But there is hope for the progressive movement, according to our anonymous writer, in the following:

1.) The blogosphere more-or-less is ours.  The right-wing attempts to match the left’s web presence has largely looked like our attempt to match their radio work.  The web belongs to the young, and the young, at least for now, are with us.

2.) Satire is ours.  Jon Stewart likes to deny his real-world impact, calling his show comedy.  And it is.  But it has great impact none-the-less.  Stewart and Colbert have made a huge difference by exposing fraud and corruption.  And most of this has been on the right.  Even when they come at us, they come from the left.  That kind of work, over time, builds values in the viewers that move them toward the left, like Limbaugh’s daily listeners eventually become Republicans.  And the right has fallen prey to attempting their version of political satire.  And, as you probably know, those attempts have been incredible failures.

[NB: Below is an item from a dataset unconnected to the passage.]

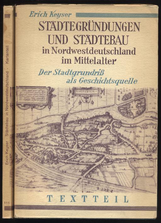 Keyser, Erich: Städtegründungen und Städtebau in Nordwestdeutschland im Mittelalter. Der Stadtgrundriß als Geschichtsquelle. Textteil. Kartenteil. Remagen/Rhein: Selbstverlag der Bundesanstalt für Landeskunde, 1958. 272 S. OBr. OU. (Forschungen zur deutschen Landeskunde; 111). Ehemalige Bibliotheksexemplare mit Stempeln und Signaturschild. [Bestell-Nr. 8095]
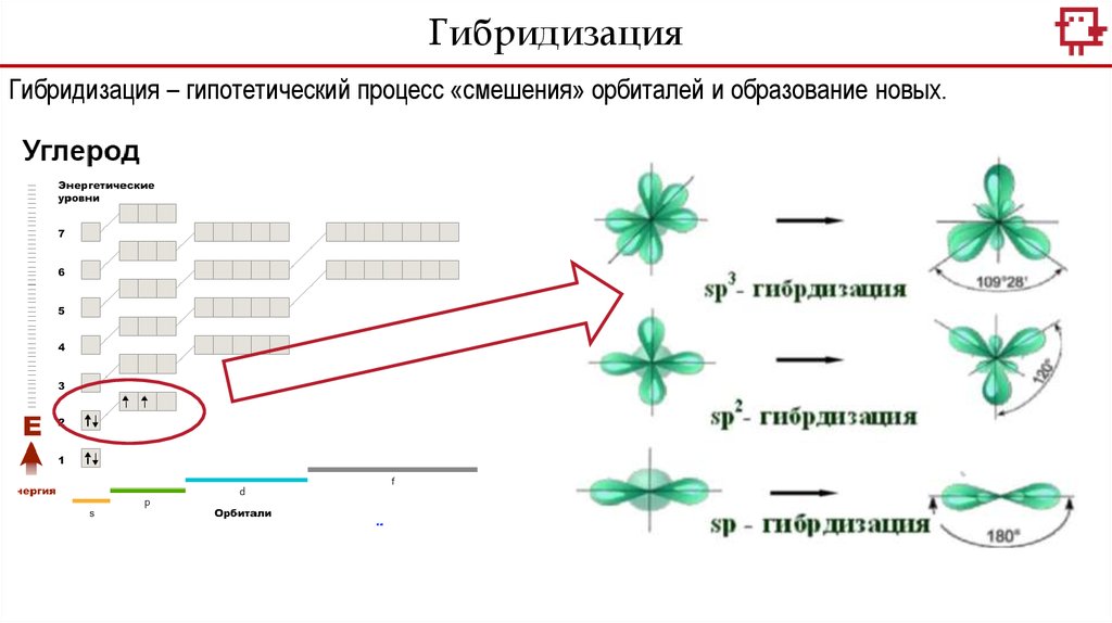 ГибридизацияГибридизация – гипотетический процесс «смешения» орбиталей и образование новых.

3.) Academia remains reality-based, and that is good for us.  Although I think the accusations of campus “liberal bias” are greatly exaggerated, issues like human rights, equality, and environmentalism are clear values of the liberal arts community.  And these values are more than just issues for progressives.  They go a long way in pointing toward a framework for thinking progressively.”

Now, obviously, there are a few things that strike me as a bit foolish about this. For one thing, calling Academia reality-based strikes me as similar to calling Marvin the Martian carbon-based.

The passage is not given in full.